Несколько месяцев за Полярным кругом отлично всех уравнивают. Мне кажется, долгие экспедиции меня во многом сформировали. Я привыкла рассчитывать только на себя, всегда беру столько вещей, сколько я могу сама на себе нести, и не жду скидок или помощи (в том числе физической) из-за того, что я женщина. Если надо просверлить дырку, беру дрель и инструкцию, а не ищу мужчину с дрелью.

Мне кажется, в России дискриминация в науке и образовании начинается еще в семье и дошкольном воспитании. Гендерные стереотипы оттуда мигрируют до академии — как до замка из слоновой кости для самых умных. А девочки кто у нас обычно? Девочки обычно красивые. В розовых платьях, блестках — будущие мамы, принцессы, в четыре года с проколотыми ушами и помадой, с Барби и наборами посуды. Перевесить это очень сложно — должны быть и ролики (типа того злосчастного ролика Nike, только в научной сфере), и стипендии, и программы помощи, и, конечно же, увлекательная и доступная научно-популярная литература. Надо поднимать имидж науки — платить не нормальные, а большие деньги научным кадрам, чтобы наука была желаемой областью, а не уделом чудаков и неудачников, как сейчас это бытует в представлениях большого количества людей, объяснять и популяризировать механизмы и схемы, принятые в академии (меня даже в ближайшем кругу родственников спрашивают: «Ну когда ты закончишь учиться, вечный студент, и найдешь нормальную работу?»), предоставлять условия, увеличивать мобильность научных кадров, давать больше исследовательской свободы. Конечно, прикольно быть фриком, но на 15-й год, если честно, устаешь.
«В России на женщину оказывается слишком много общественного давления»


Виктория Коржова
нейробиолог и консультант по научной карьере для студентов и аспирантов, 28 лет
Окончила магистратуру в СПбГУ, учится в аспирантуре в Университете Людвига-Максимилиана в Мюнхене и работает над своим исследовательским проектом в Немецком центре нейродегенеративных заболеваний.

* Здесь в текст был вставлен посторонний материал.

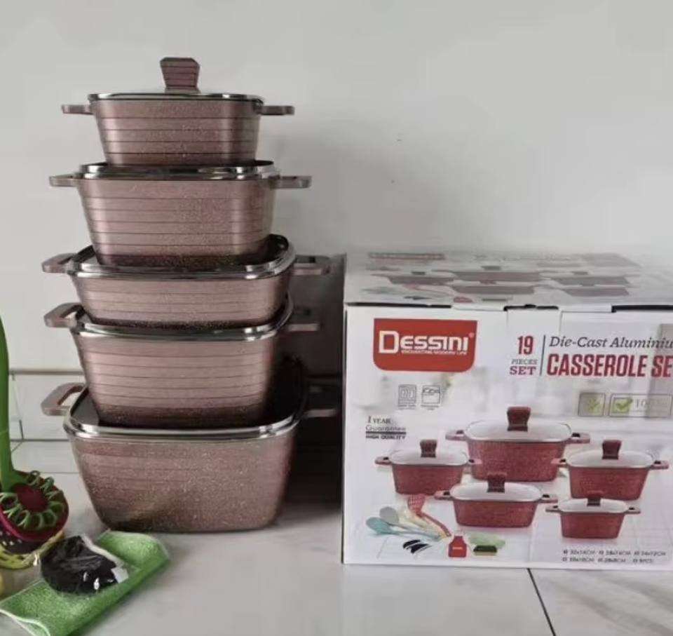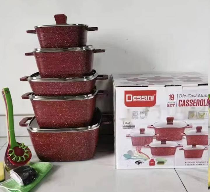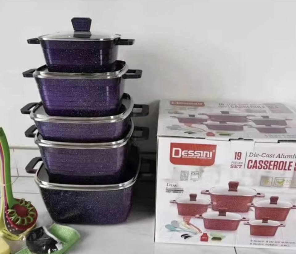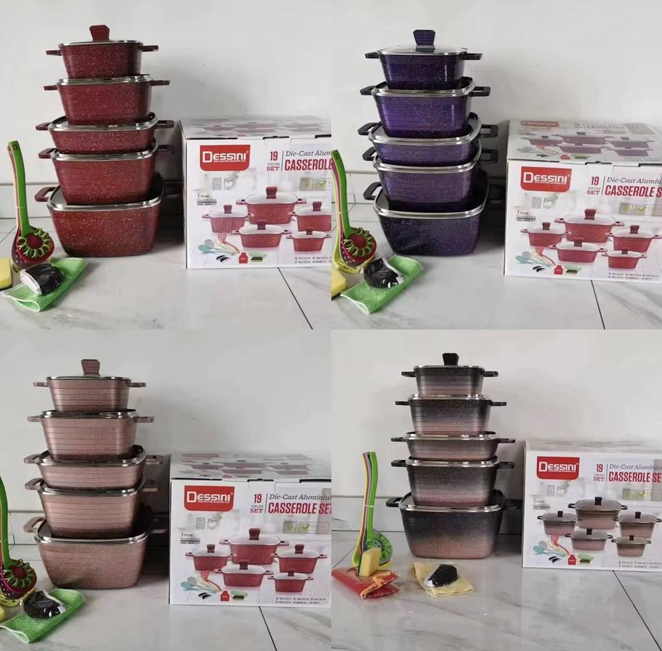 Ensemble de casseroles en aluminium de luxe 19 pièces, design carré, revêtement granit violet, rouge, noir, avec ensemble d'ustensiles de cuisine 9 pièces

В качестве консультанта по научной карьере ведет обучающие онлайн-программы и проводит личные консультации для русскоговорящих студентов и аспирантов.

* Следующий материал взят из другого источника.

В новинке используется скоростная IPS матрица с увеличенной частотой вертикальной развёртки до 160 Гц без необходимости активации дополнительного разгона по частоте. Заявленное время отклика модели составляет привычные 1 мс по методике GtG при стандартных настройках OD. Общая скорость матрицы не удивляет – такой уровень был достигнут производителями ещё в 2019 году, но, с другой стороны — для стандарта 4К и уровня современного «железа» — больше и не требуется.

У меня есть опыт исследовательской работы в России, Швейцарии, США, Израиле и Германии. Россия среди этих стран — самая патриархальная. У нас по-прежнему считается, что к 25 годам женщина должна уже выйти замуж и родить ребенка, а лучше двух. Это не хорошо и не плохо, но семья однозначно ограничивает карьерные возможности женщины — она оказывается привязана территориально к работе мужа, садику и школе детей и не может проводить лишние часы на работе, так как семья требует внимания. Поэтому российские женщины и девушки гораздо реже строят международную карьеру, чем мужчины. А международность — это норма и обязательное требование современной науки.

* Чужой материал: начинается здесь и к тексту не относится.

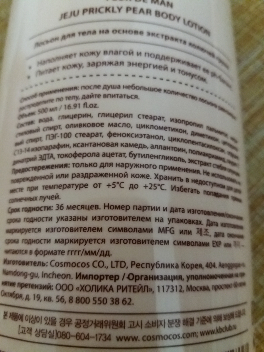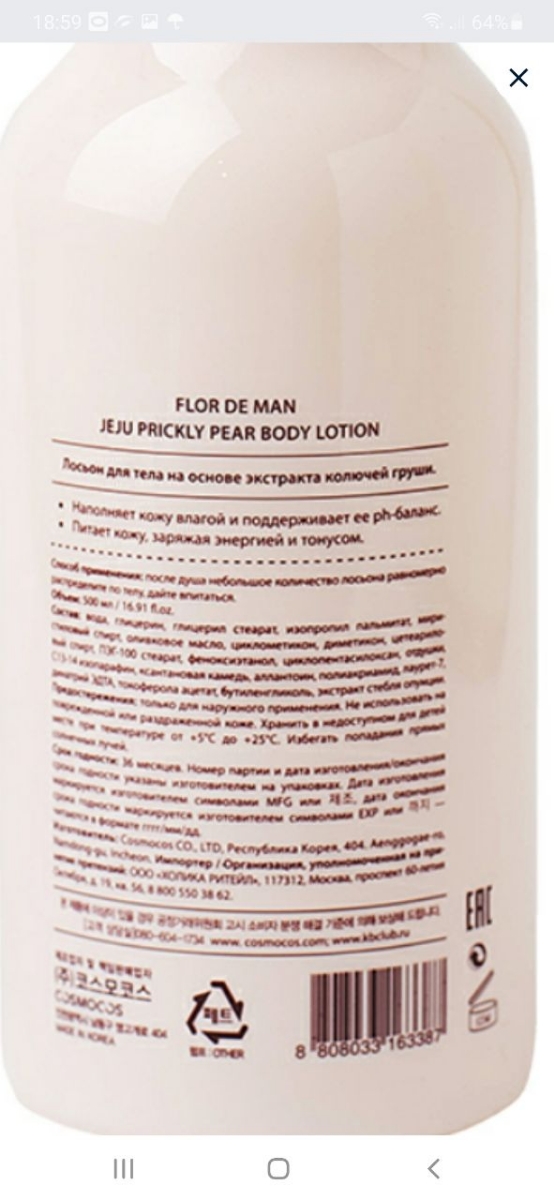 Flor de Man Увлажняющий лосьон для тела с кактусом Jeju Prickly Pear Body Lotion 500 мл

В Европе и США 22–30 лет — это время, когда женщины и мужчины активно учатся, развивают свои профессиональные навыки, получают опыт работы за рубежом, проходят стажировки, запускают свои проекты (это риск, который тоже плохо совместим с семьей). В результате к 30–35 годам они становятся опытными профессионалами, у которых достаточно большой выбор карьерных возможностей. Женщины в России к этому возрасту, как правило, с детьми, но без того карьерного капитала, который позволит им преуспеть в международной научной среде. Хочу оговориться, что вижу много плюсов в том, чтобы создать семью и родить детей в 20–25 лет. И я знаю примеры, когда женщинам удавалось совместить это с построением успешной научной карьеры. Но мне кажется важным, чтобы решение о том, чему отдать приоритет — семье или карьере, — в каждый конкретный момент было за женщиной. В России же на женщину оказывается слишком много общественного давления. В Германии такого нет. Например, если в России считается нормальным при первом знакомстве с женщиной спрашивать про ее семейное положение и детей, то в Германии этот вопрос в первом разговоре не задают, особенно если женщине меньше 30. Вообще, в Германии гораздо больше уважают личную жизнь людей и обычно не задают вопросов о ней, пока человек сам не начнет рассказывать.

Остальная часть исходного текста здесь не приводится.